Microsoft plans to make a touch-optimized version of its MSN portal available to users running Windows 8/Windows RT and Internet Explorer 10 as of October 26.
Microsoft officials are showing off a near-final preview of that portal in New York during Advertising Week, which kicks off this week on October 1. They also will be showing off new touch-centric Windows 8/Windows RT ads that will be available on MSN and on select Windows Store apps during this week's advertising confab.
The new portal will have a Metro look and feel. While optimized to be navigable via touch gestures, it also will support mice and keyboards. The MSN logo in the upper left corner serves as a "return to home" anchor for the site.
The updated site will feature MSN News -- the updated news portal featuring AP and Reuters news, along with content from Microsoft's own reporters. (Visse declined to say how many reporters Microsoft is employing now that it sold its 50 percent stake in the former MSNBC joint venture, but that number is estimated at 100.) The new MSN also will feature entertainment, sports and money subsites, like the current MSN portal does.
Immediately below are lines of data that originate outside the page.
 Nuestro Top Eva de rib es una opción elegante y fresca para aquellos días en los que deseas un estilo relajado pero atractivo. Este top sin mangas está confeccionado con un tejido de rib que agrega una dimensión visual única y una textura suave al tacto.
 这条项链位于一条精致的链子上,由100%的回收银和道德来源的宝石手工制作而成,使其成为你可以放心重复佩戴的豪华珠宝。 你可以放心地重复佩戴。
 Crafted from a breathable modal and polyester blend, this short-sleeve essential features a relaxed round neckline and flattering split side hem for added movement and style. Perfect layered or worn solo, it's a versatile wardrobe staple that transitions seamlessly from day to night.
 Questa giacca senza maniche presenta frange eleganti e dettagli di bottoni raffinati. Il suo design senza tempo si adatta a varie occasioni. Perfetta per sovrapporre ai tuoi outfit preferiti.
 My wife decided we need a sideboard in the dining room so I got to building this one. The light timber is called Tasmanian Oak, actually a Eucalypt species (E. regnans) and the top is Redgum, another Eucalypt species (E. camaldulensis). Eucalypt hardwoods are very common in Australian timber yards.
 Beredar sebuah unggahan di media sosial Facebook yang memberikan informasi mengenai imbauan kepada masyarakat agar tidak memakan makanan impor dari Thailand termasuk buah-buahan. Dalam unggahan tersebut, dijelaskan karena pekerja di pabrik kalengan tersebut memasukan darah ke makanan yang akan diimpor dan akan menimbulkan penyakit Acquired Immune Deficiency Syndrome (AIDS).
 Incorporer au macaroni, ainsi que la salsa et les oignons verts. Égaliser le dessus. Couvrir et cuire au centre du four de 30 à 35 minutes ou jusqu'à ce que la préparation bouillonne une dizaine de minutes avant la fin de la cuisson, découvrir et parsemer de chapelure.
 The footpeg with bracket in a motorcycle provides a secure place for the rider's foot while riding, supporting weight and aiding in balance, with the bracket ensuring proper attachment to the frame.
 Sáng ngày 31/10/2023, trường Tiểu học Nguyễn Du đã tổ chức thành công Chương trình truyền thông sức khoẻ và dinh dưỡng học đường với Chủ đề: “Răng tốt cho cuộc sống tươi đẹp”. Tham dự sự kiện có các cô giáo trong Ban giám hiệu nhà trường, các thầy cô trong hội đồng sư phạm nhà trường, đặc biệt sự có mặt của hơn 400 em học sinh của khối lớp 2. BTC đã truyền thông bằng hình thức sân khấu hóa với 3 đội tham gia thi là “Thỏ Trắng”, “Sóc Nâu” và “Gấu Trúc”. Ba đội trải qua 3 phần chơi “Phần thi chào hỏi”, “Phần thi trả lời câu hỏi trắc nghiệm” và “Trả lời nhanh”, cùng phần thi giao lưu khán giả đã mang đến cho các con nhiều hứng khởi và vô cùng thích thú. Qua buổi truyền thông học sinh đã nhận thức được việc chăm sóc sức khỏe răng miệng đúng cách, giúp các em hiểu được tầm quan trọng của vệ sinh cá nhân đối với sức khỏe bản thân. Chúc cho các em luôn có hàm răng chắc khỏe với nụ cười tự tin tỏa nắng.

The new MSN portal site will include tutorials to help users learn how to navigate the new site and take advantage of Windows 8/Windows RT features like "snapping" appications to the side, and making use of the new charms.
"Eventually, we also will offer a MSN Windows 8 app and Windows Phone 8 app, too," said Visse. Visse didn't have a timetable to share as to when those apps will be available.
Microsoft also offers a Windows 8 Bing News app (which is available currently in the Windows Store), as well as the new MSN portal. While both will serve up "news" content, Bing News will be more like an aggregated news source, while the MSN portal is meant to deliver content, but also highlight and demonstrate other Microsoft technologies, like Bing search, Skype, Outlook.com, etc.
Windows 8/Windows RT users will have the option of circumventing the new MSN if they so choose and revert back to "classic" mode, which is what users with other browsers and Windows versions will see.